I am also trying to treat the Adèle-Varens-part-of-me with compassion as I take on this challenge, which feels like learning how to connect with beings on a different planet with customs that differ greatly from the ones with which I’ve been raised. I need to be careful not to lash out at students who remind me of this part of myself that I often feel is pathetic or of which I am ashamed. My struggles this summer with oversharing have also made me feel more compassionate toward my students who are neurodivergent and those who have been negatively shaped by trauma in their lives. I feel an overwhelming love for all my dear friends who have stuck around through my oversharing to get to the version of me that is not scared and controlling. However, I am especially appreciative of my neurodivergent friends, people with ADHD or who are on the autism spectrum, who know what it is like to have to refashion one’s communication style to make oneself more appealing to “the neurotypicals” — as one of my friends calls those who through luck or upbringing don’t have to consider or learn these ways of interacting.

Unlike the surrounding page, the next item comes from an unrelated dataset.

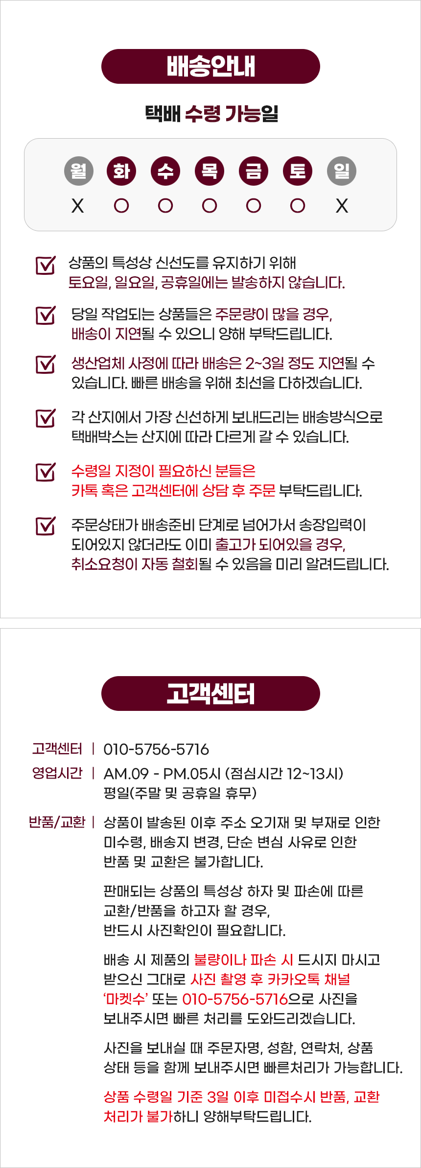 · 배송은 입금확인된 날짜로부터 1~3일 소요되며 최대 7일 이내 출고됩니다. (공휴일, 기상악화 등 불가피한 상황에 따라 추가 지연될 수 있습니다.)

I love how Brene differentiates between vulnerability and oversharing. I am continually astounded by how hard you have worked and continue to work to understand your inner self—in all its many forms. I am so proud of you! You never need to worry about over sharing with me. ?
Thank you! Although I wish I had learned sooner in my life. I’m lucky that I got to live a few decades without today’s technology or my regrets would be even more significant. ; ) My delayed development in this area, forces me to be less judgmental. That is something I appreciate.